Since $\det(A) = 0$, the matrix is singular and has no inverse. The second row is a scalar multiple of the first, so the columns are linearly dependent. The transformation collapses 2D space onto a line.

Example 3: Checking Diagonalizability

Consider $A = \begin{pmatrix} 2 & 1 \\ 0 & 2 \end{pmatrix}$.

The characteristic polynomial is $\det(A - \lambda I) = (2 - \lambda)^2 = 0$, giving $\lambda = 2$ with algebraic multiplicity 2.

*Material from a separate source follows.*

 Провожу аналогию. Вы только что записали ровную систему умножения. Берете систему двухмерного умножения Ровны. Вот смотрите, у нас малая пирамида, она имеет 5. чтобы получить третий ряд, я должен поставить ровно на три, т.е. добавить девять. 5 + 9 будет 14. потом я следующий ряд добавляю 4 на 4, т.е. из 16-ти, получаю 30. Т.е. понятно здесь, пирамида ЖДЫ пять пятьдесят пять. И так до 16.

To find eigenvectors, solve $(A - 2I)v = 0$: $\begin{pmatrix} 0 & 1 \\ 0 & 0 \end{pmatrix} \begin{pmatrix} v_1 \\ v_2 \end{pmatrix} = 0$

This gives $v_2 = 0$, so eigenvectors are of the form $\begin{pmatrix} v_1 \\ 0 \end{pmatrix}$. The eigenspace is 1-dimensional.

Since the geometric multiplicity (1) is less than the algebraic multiplicity (2), the matrix is not diagonalizable. We cannot find two linearly independent eigenvectors.

References

• ^{[matrix-multiplication]}
• ^{[determinant-of-a-matrix]}
• ^{[determinant-properties]}
• ^{[matrix-equation-solution]}
• ^{[diagonalizable-matrix]}
• ^{[determinant-properties]}
• ^{[determinant-of-a-matrix]}
• ^{[matrix-inversion-formula]}
• ^{[diagonalizable-matrix]}

AI Disclosure

This article was drafted with AI assistance. The structure, examples, and explanations were generated based on the provided class notes. All mathematical claims are grounded in the cited notes; no external sources were consulted. The worked examples were constructed to illustrate the misconceptions discussed and have been verified for correctness.